EXERCISE DETAILS: Give a faithful, exact copy of all entries, minus the images.

DATA TO USE:
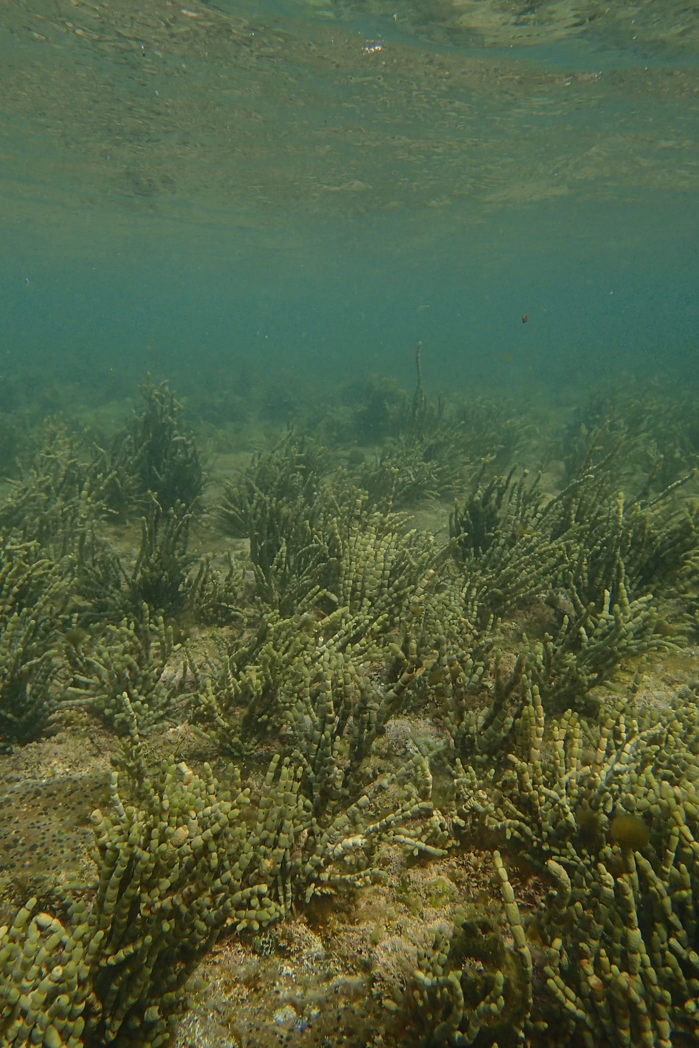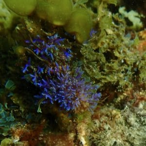 The seafloor alternates rocks, sandy areas and a wide diversity of seaweed (↕2-10ft/0.5-3m). In Kurnell, in particular, you will find beautiful stretches of Neptune’s necklace (Hormosira banksii), paddle weed (Halophila ovalis), patches of kelp, as well as beautiful, almost fluorescent, blue branching seaweed (Fauchea laciniata).
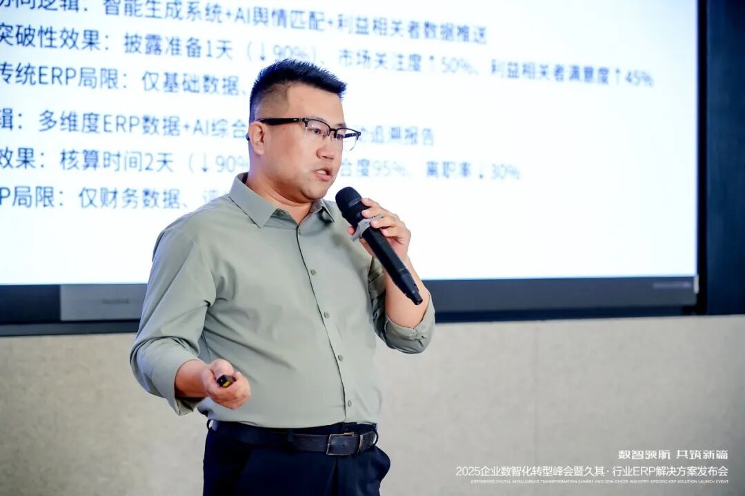 在《久其行业ERP解决方案》白皮书发布仪式后,财政部管理会计咨询专家、久其软件解决方案总监 史瑞超 进一步解读了白皮书的优势与核心价值:相较于通用型ERP,其以“行业Know-how+AI赋能”为特色,搭配久其女娲GPT实现智能问数、自动报表生成;同时“云原生+信创适配”特性,可满足企业不同发展阶段需求。
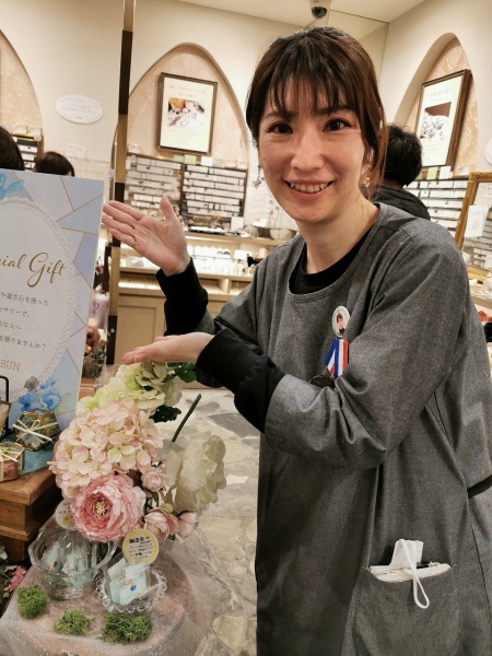 大野:実は、最初から特にイメージをすごく固めてやったというわけではないんですが、入って来られるお客様の目につくようにと、色合いですとか季節的なもの、あとはあまり商品が埋もれず映えるように、とかですね。可愛らしすぎてもちょっと……という感じなので、今までの先輩たちが作ってきた売り場なども参考にしながら、お花ひとつ置くにしても、こっちにこう置いたらどういう印象になる、とかいうのを他の人にもアドバイスもらいながら。季節の明るさと言いますか、こういうご時勢なので、少しでも明るく華やかに、でも派手すぎず、ということを意識してやりました。
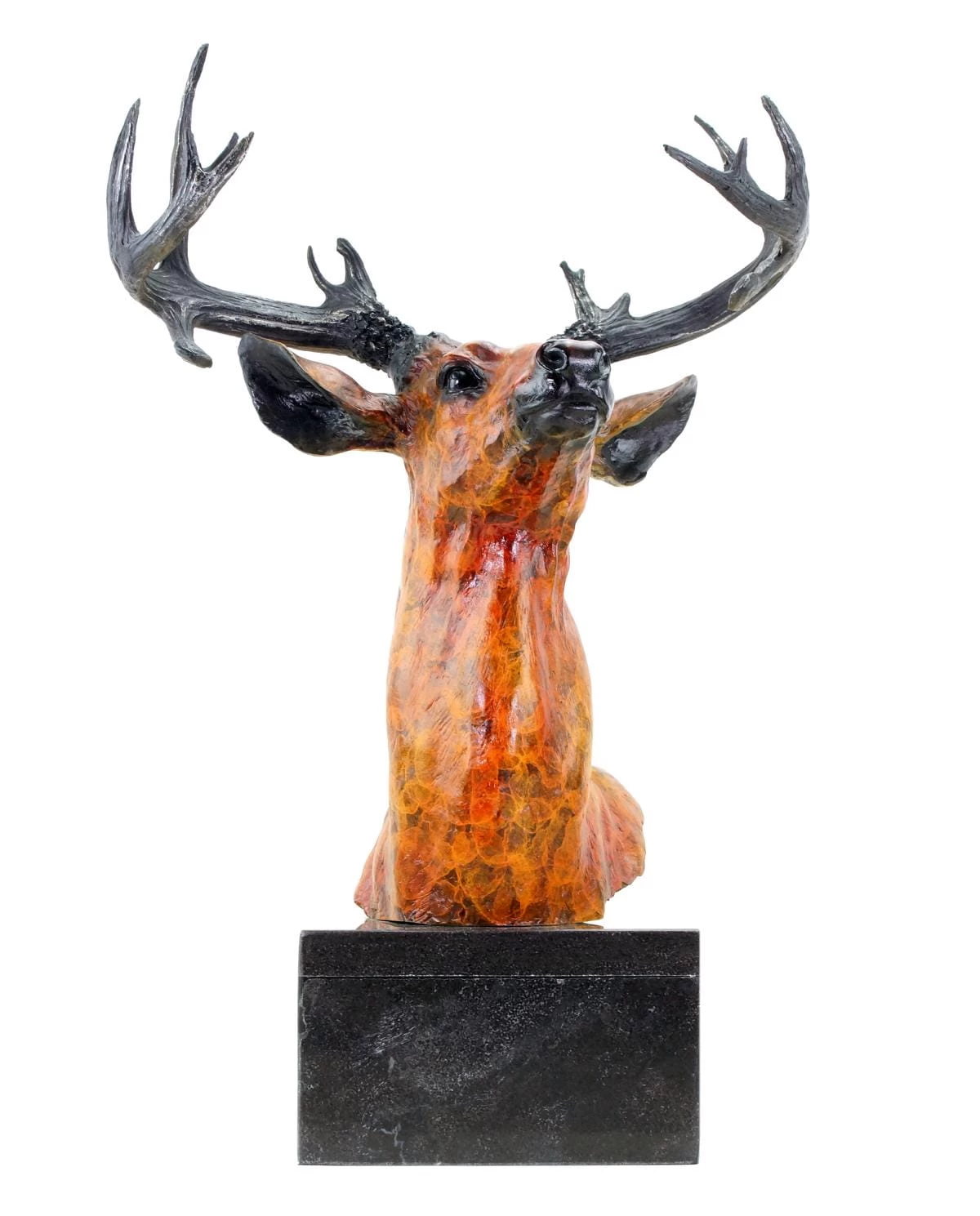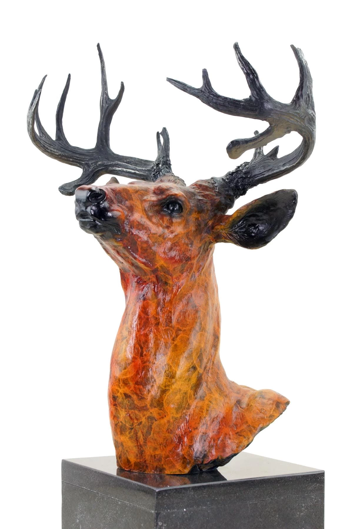 “Tall Deer / Stag Bust – Bronze Figurine on Marble – signed Bonheur”
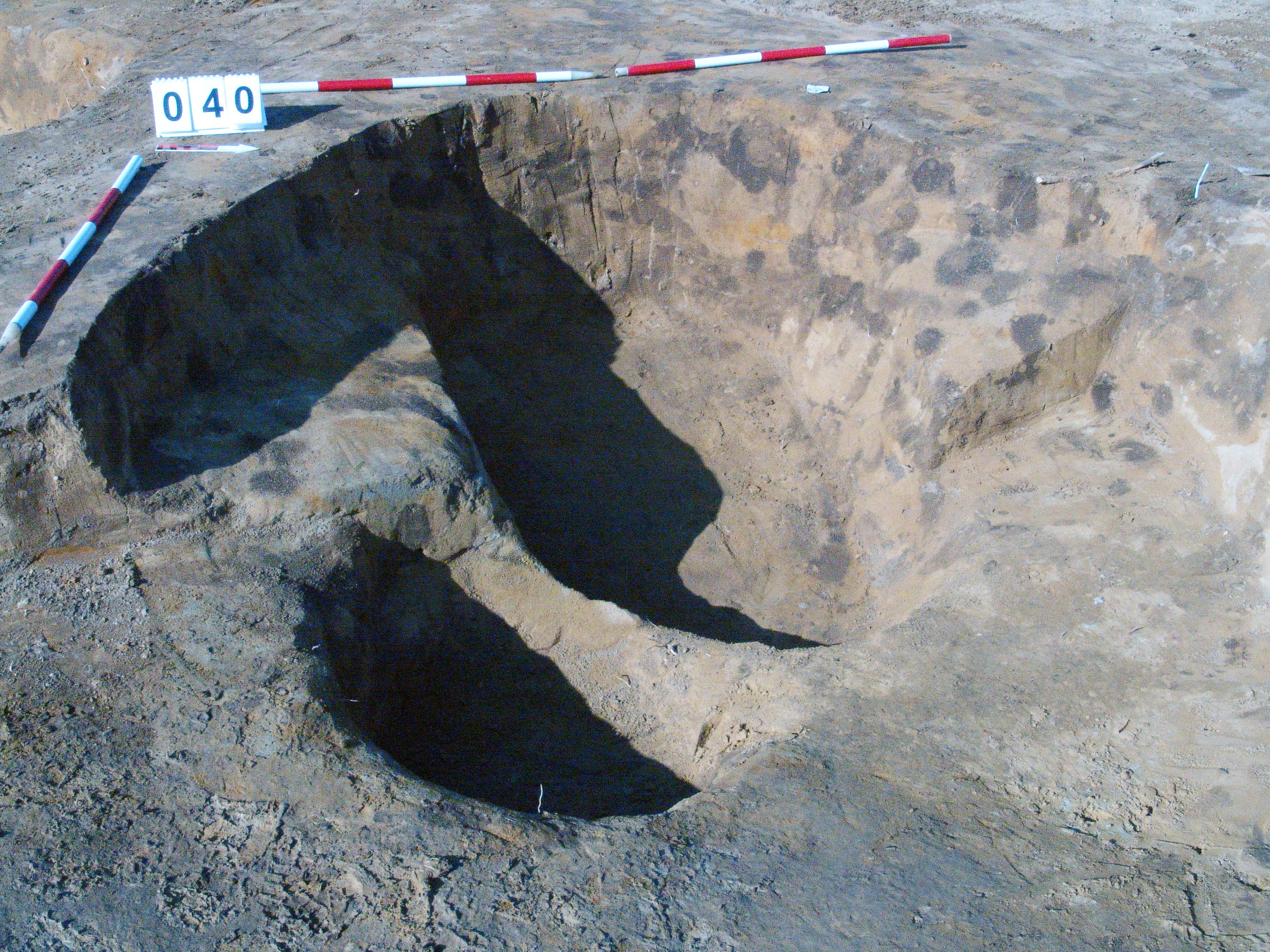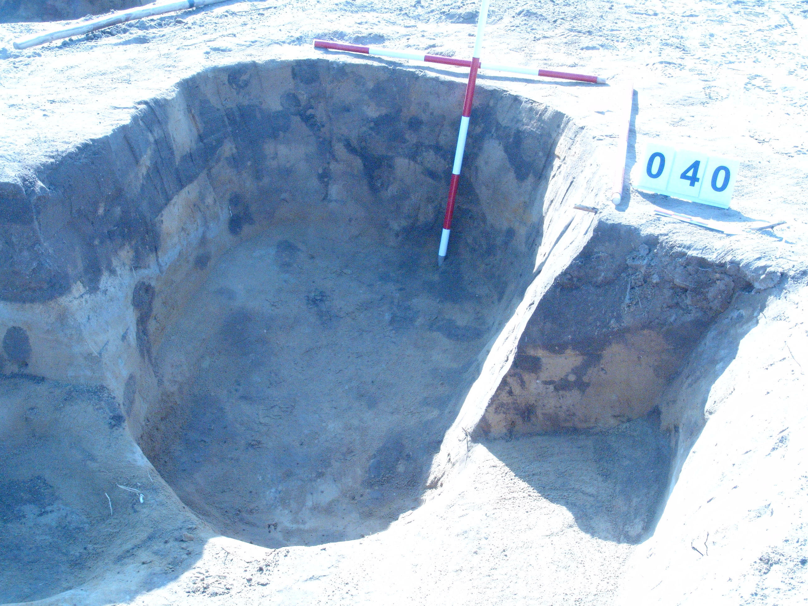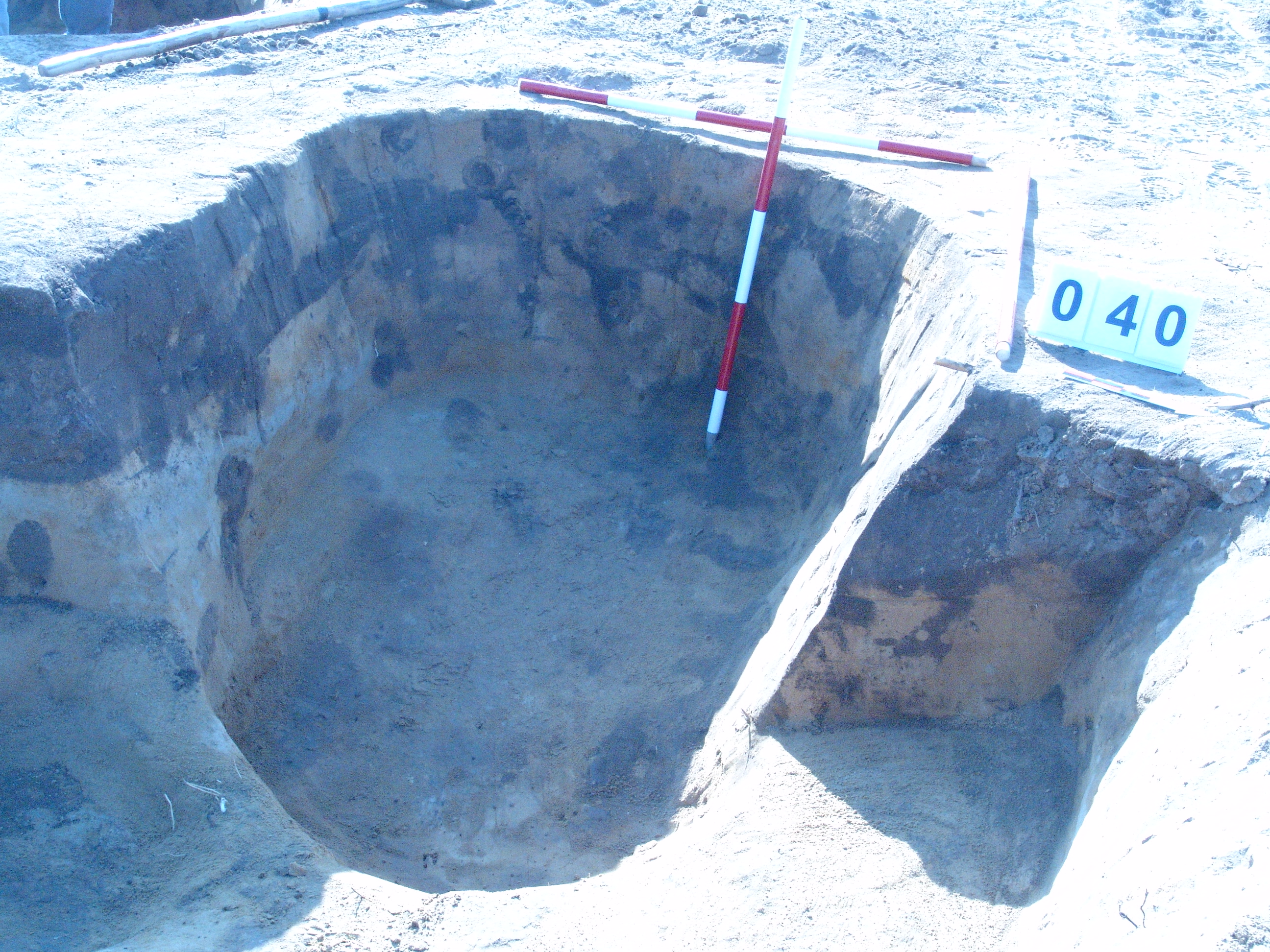 A 2 objektumba beásott gödör vagy cölöplyuk. A NÖK által metsztefalon nehezen kivehető foltja jelentkezett, amely alapján talán másodlagosan beásott. Betöltése apró fehér szemcsés sötétbarna. A bontás után meredek oldalú, egyenes aljú gödör lett belőle. Átmérője fent 175 X 135 centiméter, lent, 97 X 142 centiméter.
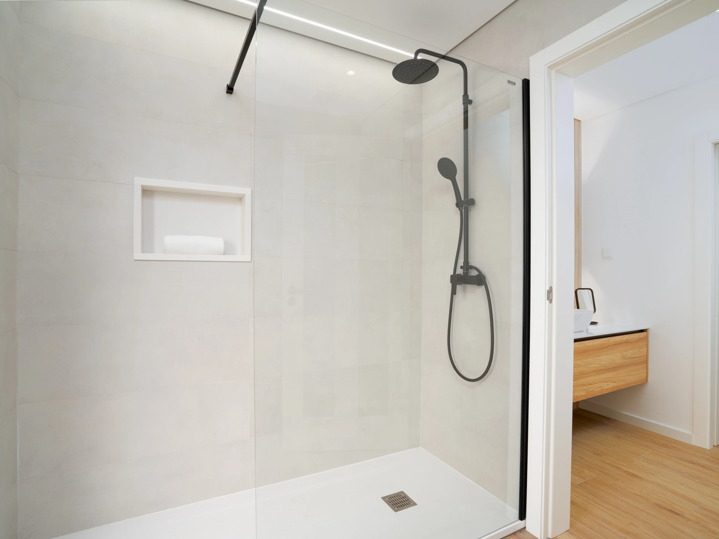 Cet appartement moderne de plain-pied présente un séjour et une salle à manger lumineux et aérés, parfaits pour se détendre ou recevoir, et disposant également d'un internet fibre haut débit. La cuisine de style galerie est entièrement équipée d'appareils contemporains, comprenant un four, une plaque de cuisson, un lave-vaisselle, un lave-linge, et tous les ustensiles et équipements de cuisine essentiels. Il y a deux chambres spacieuses, chacune avec un lit king-size. Une chambre dispose d'une salle de douche attenante, tandis que l'autre partage une salle de douche séparée.
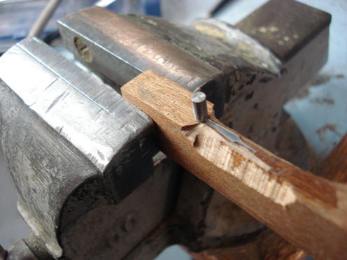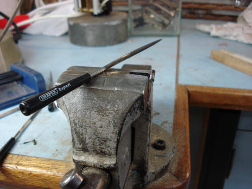 and the hole drilled in the end fitted onto a pair of filing buttons used to
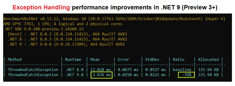 .NET 的异常抛出/捕获速度相较慢得多。但到了.NET 8后期和.NET 9,基准成绩已翻天覆地:
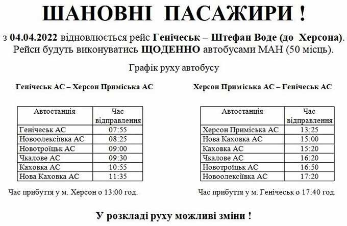 З 4 квітня відновлюється щоденне автобусне сполучення між Генічеськом та Херсоном.
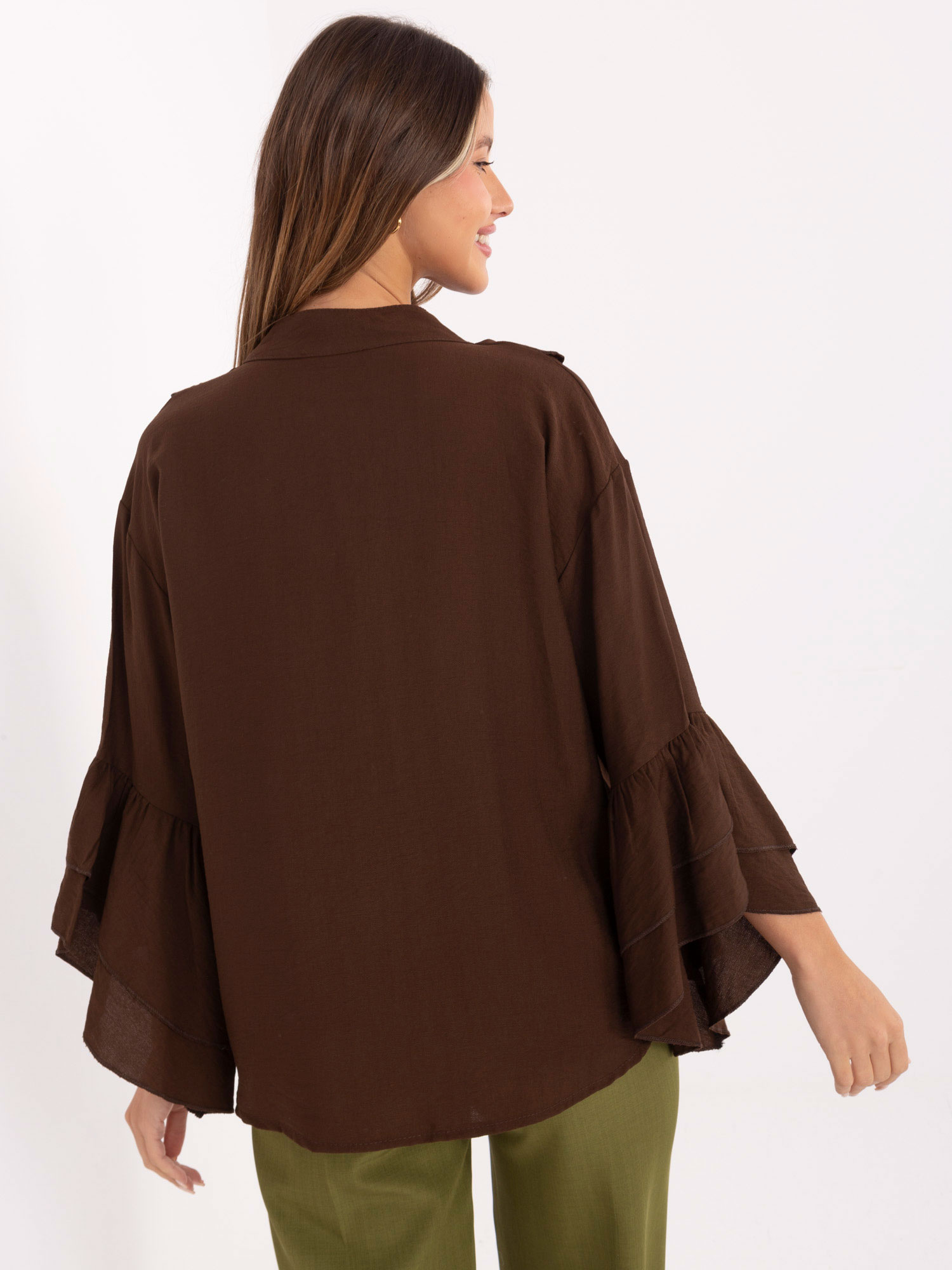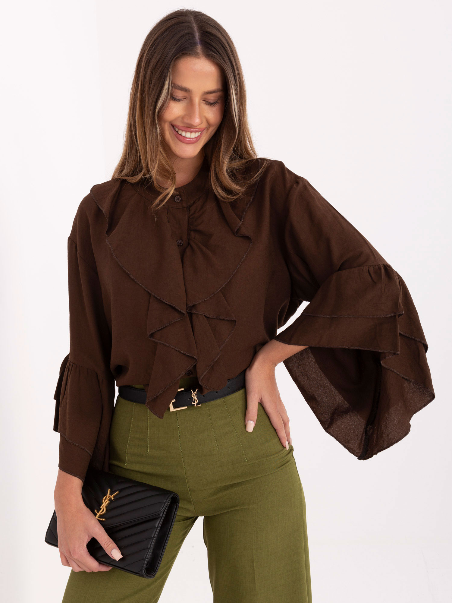 Brązowa koszula z falbankami przy rękawach RUE PARIS .

YOUR RESPONSE:
 The seafloor alternates rocks, sandy areas and a wide diversity of seaweed (↕2-10ft/0.5-3m). In Kurnell, in particular, you will find beautiful stretches of Neptune’s necklace (Hormosira banksii), paddle weed (Halophila ovalis), patches of kelp, as well as beautiful, almost fluorescent, blue branching seaweed (Fauchea laciniata).
 在《久其行业ERP解决方案》白皮书发布仪式后,财政部管理会计咨询专家、久其软件解决方案总监 史瑞超 进一步解读了白皮书的优势与核心价值:相较于通用型ERP,其以“行业Know-how+AI赋能”为特色,搭配久其女娲GPT实现智能问数、自动报表生成;同时“云原生+信创适配”特性,可满足企业不同发展阶段需求。
 大野:実は、最初から特にイメージをすごく固めてやったというわけではないんですが、入って来られるお客様の目につくようにと、色合いですとか季節的なもの、あとはあまり商品が埋もれず映えるように、とかですね。可愛らしすぎてもちょっと……という感じなので、今までの先輩たちが作ってきた売り場なども参考にしながら、お花ひとつ置くにしても、こっちにこう置いたらどういう印象になる、とかいうのを他の人にもアドバイスもらいながら。季節の明るさと言いますか、こういうご時勢なので、少しでも明るく華やかに、でも派手すぎず、ということを意識してやりました。
 “Tall Deer / Stag Bust – Bronze Figurine on Marble – signed Bonheur”
 A 2 objektumba beásott gödör vagy cölöplyuk. A NÖK által metsztefalon nehezen kivehető foltja jelentkezett, amely alapján talán másodlagosan beásott. Betöltése apró fehér szemcsés sötétbarna. A bontás után meredek oldalú, egyenes aljú gödör lett belőle. Átmérője fent 175 X 135 centiméter, lent, 97 X 142 centiméter.
 Cet appartement moderne de plain-pied présente un séjour et une salle à manger lumineux et aérés, parfaits pour se détendre ou recevoir, et disposant également d'un internet fibre haut débit. La cuisine de style galerie est entièrement équipée d'appareils contemporains, comprenant un four, une plaque de cuisson, un lave-vaisselle, un lave-linge, et tous les ustensiles et équipements de cuisine essentiels. Il y a deux chambres spacieuses, chacune avec un lit king-size. Une chambre dispose d'une salle de douche attenante, tandis que l'autre partage une salle de douche séparée.
 and the hole drilled in the end fitted onto a pair of filing buttons used to
 .NET 的异常抛出/捕获速度相较慢得多。但到了.NET 8后期和.NET 9,基准成绩已翻天覆地:
 З 4 квітня відновлюється щоденне автобусне сполучення між Генічеськом та Херсоном.
 Brązowa koszula z falbankami przy rękawach RUE PARIS .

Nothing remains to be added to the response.